Chan Gateway
The gateway is the self-hostable server side of chan's tunnel. It lets a fleet of chan serve instances dial out and be reached from anywhere in the browser, behind sign-in, without opening inbound ports on each machine. It lives in this repo under gateway/ and is yours to run; the maintainer's own deployment at id.chan.app and workspace.chan.app is experimental, ships with sign-in off by default, and is not a hosted product.
How chan uses it
Instead of binding a local port, chan serve can publish a workspace over an outbound tunnel to a gateway, which reverse-proxies it back to you:
export CHAN_TUNNEL_TOKEN=chan_pat_... # a token your gateway issued
chan serve ~/notes --tunnel-url https://workspace.example.com/v1/tunnel
chan dials the gateway, registers the workspace over an authenticated tunnel, and serves every request through the same router the local listener uses. The workspace is then reachable at {user}.workspace.example.com/{workspace}/*, gated by the gateway.
Services
The gateway is a separate Cargo workspace under gateway/. Its public and internal services are:
service surface role
--------------- --------------------- -------------------------------------
identity id.chan.app OAuth sign-in (GitHub, Google,
GitLab), sessions, personal access
tokens, the account SPA
workspace-proxy workspace.chan.app tunnel registration (POST /v1/tunnel)
+ *.workspace.chan.app + reverse proxy into each chan serve
profile internal users, identities, tokens over
Postgres; called by the others
admin CLI operator tooling against profile +
workspace-proxy admin routes
Personal access tokens (chan_pat_...) issued by identity are what CHAN_TUNNEL_TOKEN carries. Access to a published workspace is gated by a short-lived entry token minted by identity and a path-scoped session cookie minted by the workspace proxy, so one workspace cannot read another's session.
Self-deploy
The gateway is Postgres-backed and targets Linux (amd64 / arm64). Standing up your own deployment means running the three services, a Postgres database, and configuring at least one OAuth provider; macOS contributors can run Postgres inside a Lima VM via sdme. Adding an OAuth provider is one new file plus config wiring.

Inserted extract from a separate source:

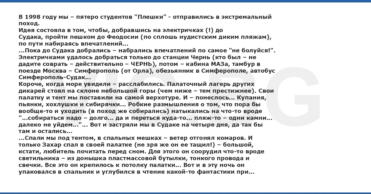 В 1998 году мы – пятеро студентов "Плешки" - отправились в экстремальный поход. Идея состояла в том, чтобы, добравшись на электричках (!) до Судака, пройти пешком до Феодосии (по сплошь нудистским диким пляжам), по пути набираясь впечатлений... ...Пока до Судака добрались – набрались впечатлений по самое "не болуйся!". Электричками удалось добраться только до станции Чернь (кто был – не дадите соврать – действительно – ЧЕРНЬ), потом – кабина МАЗа, тамбур в поезде Москва – Симферополь (от Орла), обезьянник в Симферополе, автобус Симферополь-Судак... Короче, когда море увидели – расслабились. Палаточный лагерь других дикарей стоял на склоне небольшой горы (чем ниже – тем престижнее). Свои палатку и тент мы поставили на самой верхотуре. И – понеслось... Купания, пьянки, хохлушки и сибирячки... Робкие размышления о том, что пора бы вообще-то и уходить (в поход же собирались) натыкались на что-то вроде "...собираться надо – долго... да и переться куда-то... пляж-то – одни камни... далеко не уйдем..."... Вот и застряли мы в Судаке на четыре дня, да так бы там и остались... ...Спали мы под тентом, в спальных мешках – ветер отгонял комаров. И только Захар спал в своей палатке (не зря же он ее тащил!) – большой, кстати, любитель почитать перед сном. Для этого он соорудил что-то вроде светильника – из донышка пластмассовой бутылки, тонкого провода и свечки. Все это он крепилось к потолку палатки... Вот и в эту ночь он упаковался в спальник и углубился в чтение какой-то фантастики при тусклом и мигающем свете свечки... Когда сон стал брать верх, Захар застегнулся в спальнике и уже почти выключился... однако про горящую свечу в последний момент все-таки вспомнил. Не желая высвобождаться из уютного спальника, он принял неожиданное решение – двумя ногами – в позе "березка" - долбануть по светильнику (много ли надо свечке, чтобы погаснуть?)... И долбанул... Свечка упала прямо ему на грудь и НЕ ПОГАСЛА. Мало того, вместе с нею упал и пластиковый "подсвечник"... Пара секунд у Захара ушла на то, чтобы стряхнуть остатки сна. За это время синтепон спальника и пластик "подсвечника" дружно занялись... Следующим действием Захара стала попытка ликвидировать источник возгорания путем сбрасывания его в позе "мостик" куда-нибудь вбок... Получилось частично – свечка действительно полетела вбок, а вот "подсвечник" и спальник похоже, решили погибать вместе – синтетические хреновины успели склеиться!!! Ужас состоял в том, что, упав, свечка снова НЕ ПОГАСЛА! А упала она на раскрытую книжку, прямо между страниц... Бумага полыхнула прямо у лица Захара. С этого момента наступила паника. Непонятно каким образом приняв вертикальное положение, Захар выпрыгнул из палатки, и, упав набок, покатился вниз по склону, стремясь сбить пламя. Вопил он при этом как сирена пожарной тревоги. Мы, естественно, проснулись. И вот, четырем парам глаз из-под навеса предстала такая картина: сияющая изнутри палатка (в черной крымской ночи – восхитительное зрелище!) и удаляющийся орущий огонек. Огонек то появлялся (когда Захар был брюхом кверху), то исчезал... и каждый раз, когда он появлялся и исчезал, на земле оставался другой огонек – эти огоньки пунктиром тянулись от палатки вниз по склону... Почему? Дело в том, что катился Захар по траве... По высокой траве... По высокой, выжженной крымским солнцем августовской траве... С пылающей синтет

The full route tables, environment variables, trust boundaries, and dev setup are documented in the gateway README: github.com/fiorix/chan/tree/main/gateway.
Verification status
The chan serve --tunnel-url command shape is verified against the documented flags. A full end-to-end run against a live gateway (tunnel registration -> browser access behind OAuth) requires a deployed gateway and is not exercised by the local audit; it is left for a deployment-time check.